EXERCISE DETAILS: Return the lines of the data below starting at the one holding "В прошлом году" and ending at the one holding "Nota especial: la", word for word, leaving every picture out.

(Beginning of PROVIDED MATERIAL)

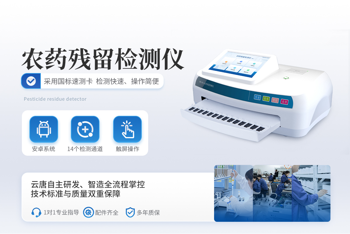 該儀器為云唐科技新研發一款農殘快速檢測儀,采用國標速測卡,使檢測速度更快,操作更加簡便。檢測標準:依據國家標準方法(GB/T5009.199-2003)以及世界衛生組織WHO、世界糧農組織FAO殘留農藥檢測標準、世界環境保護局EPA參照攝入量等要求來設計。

(End of PROVIDED MATERIAL)
(Beginning of PROVIDED MATERIAL)

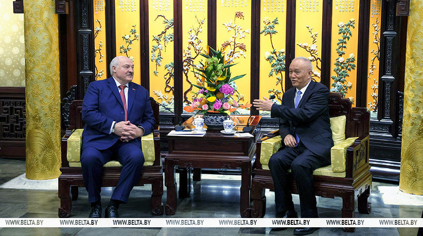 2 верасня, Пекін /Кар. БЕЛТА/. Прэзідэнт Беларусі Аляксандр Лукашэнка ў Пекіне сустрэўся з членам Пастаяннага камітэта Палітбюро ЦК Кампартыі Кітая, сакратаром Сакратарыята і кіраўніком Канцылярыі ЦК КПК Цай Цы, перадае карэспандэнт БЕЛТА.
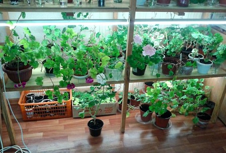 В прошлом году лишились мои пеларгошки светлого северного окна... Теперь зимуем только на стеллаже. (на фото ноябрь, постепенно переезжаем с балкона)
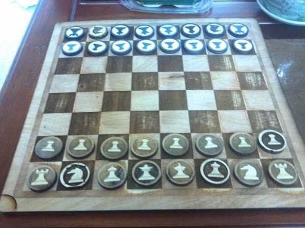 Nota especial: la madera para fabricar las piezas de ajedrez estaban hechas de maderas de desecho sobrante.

(End of PROVIDED MATERIAL)

WRITTEN RESPONSE:
 В прошлом году лишились мои пеларгошки светлого северного окна... Теперь зимуем только на стеллаже. (на фото ноябрь, постепенно переезжаем с балкона)
 Nota especial: la madera para fabricar las piezas de ajedrez estaban hechas de maderas de desecho sobrante.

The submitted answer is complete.